1. For every segment $\{L_i,R_i\}$ do the following-
2. WHILE multiset is not empty, and the lines dont intersect- Delete the line with smallest $R_i$ from multiset and check again.
3. Number of violating ways using this segment $\{L_i,R_i\}$ are $^{p}C_{k-1}$ where $p=size \space of \space multiset$
4. Insert end-point of this line in the set.

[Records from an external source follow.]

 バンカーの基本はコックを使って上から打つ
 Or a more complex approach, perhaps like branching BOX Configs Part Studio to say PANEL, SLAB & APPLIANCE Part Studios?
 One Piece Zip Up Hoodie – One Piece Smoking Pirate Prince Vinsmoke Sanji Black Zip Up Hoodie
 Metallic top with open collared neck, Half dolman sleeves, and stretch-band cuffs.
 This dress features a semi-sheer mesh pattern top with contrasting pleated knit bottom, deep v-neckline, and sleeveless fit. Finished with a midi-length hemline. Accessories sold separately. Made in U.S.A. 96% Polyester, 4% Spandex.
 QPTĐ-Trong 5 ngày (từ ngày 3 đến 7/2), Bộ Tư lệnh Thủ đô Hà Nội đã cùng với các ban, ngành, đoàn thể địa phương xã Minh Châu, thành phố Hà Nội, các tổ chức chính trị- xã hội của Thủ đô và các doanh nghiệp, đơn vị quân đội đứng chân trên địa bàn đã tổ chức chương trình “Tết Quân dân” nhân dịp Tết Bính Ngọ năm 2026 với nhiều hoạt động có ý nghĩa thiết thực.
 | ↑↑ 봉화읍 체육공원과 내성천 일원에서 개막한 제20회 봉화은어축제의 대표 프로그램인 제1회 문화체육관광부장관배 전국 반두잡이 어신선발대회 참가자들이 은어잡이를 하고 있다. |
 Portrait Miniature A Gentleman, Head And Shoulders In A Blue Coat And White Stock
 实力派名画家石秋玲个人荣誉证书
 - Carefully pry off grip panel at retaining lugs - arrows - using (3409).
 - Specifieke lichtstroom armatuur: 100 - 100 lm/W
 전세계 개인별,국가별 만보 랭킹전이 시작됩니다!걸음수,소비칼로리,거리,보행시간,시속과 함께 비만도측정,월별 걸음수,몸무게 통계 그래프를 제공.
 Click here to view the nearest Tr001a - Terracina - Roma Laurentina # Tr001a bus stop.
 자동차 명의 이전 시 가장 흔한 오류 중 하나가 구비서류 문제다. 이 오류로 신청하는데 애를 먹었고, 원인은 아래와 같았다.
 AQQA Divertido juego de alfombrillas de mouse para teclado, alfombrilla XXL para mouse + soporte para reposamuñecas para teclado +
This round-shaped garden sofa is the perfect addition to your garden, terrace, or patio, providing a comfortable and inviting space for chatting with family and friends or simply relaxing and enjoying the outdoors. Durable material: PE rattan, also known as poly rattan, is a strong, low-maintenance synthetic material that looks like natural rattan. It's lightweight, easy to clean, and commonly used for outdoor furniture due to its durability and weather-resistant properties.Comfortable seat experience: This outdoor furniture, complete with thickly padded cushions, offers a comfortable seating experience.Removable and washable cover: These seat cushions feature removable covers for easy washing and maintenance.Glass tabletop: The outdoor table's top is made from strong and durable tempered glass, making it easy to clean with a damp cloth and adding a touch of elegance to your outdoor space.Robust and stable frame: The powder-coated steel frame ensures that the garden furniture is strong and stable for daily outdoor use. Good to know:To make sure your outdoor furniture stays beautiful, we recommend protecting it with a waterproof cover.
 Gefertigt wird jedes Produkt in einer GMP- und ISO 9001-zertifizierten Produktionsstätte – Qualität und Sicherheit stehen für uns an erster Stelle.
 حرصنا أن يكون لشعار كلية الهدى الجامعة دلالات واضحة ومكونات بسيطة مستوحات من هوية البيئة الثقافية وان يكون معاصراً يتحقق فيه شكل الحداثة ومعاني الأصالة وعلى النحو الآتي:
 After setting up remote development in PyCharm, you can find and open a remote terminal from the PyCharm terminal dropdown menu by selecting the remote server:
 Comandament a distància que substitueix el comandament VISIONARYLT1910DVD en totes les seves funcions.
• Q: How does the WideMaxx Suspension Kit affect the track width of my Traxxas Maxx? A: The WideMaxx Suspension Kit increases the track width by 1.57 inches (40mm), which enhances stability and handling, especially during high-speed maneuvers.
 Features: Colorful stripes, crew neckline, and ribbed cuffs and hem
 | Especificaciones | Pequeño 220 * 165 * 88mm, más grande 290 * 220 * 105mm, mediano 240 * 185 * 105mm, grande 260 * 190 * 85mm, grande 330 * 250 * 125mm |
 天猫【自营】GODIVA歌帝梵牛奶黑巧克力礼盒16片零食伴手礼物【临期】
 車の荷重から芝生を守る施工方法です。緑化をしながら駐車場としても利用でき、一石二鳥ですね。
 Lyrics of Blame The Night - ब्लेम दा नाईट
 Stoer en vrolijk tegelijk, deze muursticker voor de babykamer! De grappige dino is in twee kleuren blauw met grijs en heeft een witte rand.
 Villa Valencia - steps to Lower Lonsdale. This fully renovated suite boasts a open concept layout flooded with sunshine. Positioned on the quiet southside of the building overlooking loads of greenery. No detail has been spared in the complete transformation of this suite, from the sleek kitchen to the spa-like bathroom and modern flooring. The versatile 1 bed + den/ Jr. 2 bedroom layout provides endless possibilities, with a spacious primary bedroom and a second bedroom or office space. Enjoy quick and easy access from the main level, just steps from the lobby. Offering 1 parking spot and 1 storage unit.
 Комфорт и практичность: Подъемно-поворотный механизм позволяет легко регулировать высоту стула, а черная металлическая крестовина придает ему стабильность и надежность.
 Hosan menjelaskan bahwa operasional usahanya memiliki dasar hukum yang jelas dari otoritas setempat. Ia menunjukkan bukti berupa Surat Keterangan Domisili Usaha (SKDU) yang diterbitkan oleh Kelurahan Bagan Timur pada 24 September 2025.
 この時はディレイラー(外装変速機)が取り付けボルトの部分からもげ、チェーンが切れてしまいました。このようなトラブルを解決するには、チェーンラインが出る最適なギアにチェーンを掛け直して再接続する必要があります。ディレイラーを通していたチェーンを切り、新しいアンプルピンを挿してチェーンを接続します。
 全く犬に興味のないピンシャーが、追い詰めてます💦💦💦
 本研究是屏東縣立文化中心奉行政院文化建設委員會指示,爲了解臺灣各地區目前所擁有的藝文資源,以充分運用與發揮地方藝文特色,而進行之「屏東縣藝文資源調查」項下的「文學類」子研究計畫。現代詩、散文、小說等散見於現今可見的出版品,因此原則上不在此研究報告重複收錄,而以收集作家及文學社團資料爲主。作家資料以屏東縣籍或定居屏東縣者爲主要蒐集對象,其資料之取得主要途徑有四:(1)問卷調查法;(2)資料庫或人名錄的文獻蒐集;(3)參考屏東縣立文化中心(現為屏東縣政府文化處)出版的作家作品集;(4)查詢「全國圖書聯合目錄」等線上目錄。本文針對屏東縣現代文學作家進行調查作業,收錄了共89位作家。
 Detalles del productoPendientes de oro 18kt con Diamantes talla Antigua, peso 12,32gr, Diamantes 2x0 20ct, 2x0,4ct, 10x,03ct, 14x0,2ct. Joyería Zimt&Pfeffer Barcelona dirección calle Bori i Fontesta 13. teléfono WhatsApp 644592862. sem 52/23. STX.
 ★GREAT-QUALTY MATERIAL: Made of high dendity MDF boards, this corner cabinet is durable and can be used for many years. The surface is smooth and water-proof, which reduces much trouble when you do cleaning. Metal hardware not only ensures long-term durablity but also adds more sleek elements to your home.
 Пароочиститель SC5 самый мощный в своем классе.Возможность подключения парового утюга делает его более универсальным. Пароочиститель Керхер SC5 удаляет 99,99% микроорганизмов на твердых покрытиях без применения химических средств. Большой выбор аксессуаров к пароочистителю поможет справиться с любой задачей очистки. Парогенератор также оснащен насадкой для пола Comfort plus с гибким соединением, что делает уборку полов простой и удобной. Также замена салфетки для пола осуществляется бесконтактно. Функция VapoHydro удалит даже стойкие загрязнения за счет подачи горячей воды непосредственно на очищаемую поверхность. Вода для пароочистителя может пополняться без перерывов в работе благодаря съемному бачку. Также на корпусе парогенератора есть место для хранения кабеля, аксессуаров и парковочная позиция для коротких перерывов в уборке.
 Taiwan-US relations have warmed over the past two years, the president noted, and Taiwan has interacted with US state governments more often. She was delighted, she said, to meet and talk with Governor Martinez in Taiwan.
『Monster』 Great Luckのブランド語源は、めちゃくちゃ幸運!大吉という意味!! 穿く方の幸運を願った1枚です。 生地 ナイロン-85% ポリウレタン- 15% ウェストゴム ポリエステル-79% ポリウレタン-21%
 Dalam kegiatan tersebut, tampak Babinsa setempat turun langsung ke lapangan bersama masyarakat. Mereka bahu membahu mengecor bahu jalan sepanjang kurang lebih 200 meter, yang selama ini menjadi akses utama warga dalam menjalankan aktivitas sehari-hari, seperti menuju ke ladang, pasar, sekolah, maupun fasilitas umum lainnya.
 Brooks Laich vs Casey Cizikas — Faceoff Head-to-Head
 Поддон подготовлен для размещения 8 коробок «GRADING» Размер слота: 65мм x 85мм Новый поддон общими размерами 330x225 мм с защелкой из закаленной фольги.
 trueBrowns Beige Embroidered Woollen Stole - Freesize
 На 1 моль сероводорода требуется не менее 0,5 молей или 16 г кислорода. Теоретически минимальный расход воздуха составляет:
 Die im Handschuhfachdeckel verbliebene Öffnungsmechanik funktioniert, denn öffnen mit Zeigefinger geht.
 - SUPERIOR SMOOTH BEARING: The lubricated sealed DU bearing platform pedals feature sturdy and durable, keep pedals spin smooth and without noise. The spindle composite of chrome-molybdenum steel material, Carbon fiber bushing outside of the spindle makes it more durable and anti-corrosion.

Lets discuss the intuition behind it. Step $1$ is simple looping. Step $2$, we discussed above when line intersect and when they dont. We need all $k$ lines to intersect for a way to be violating. Hence, if $i'th$ lines doesn't intersect, we delete the line with smallest $R_i$ from multiset. Now, either the multiset is empty, or we have number of lines which intersect with given $i'th$ line. (Why?Q3)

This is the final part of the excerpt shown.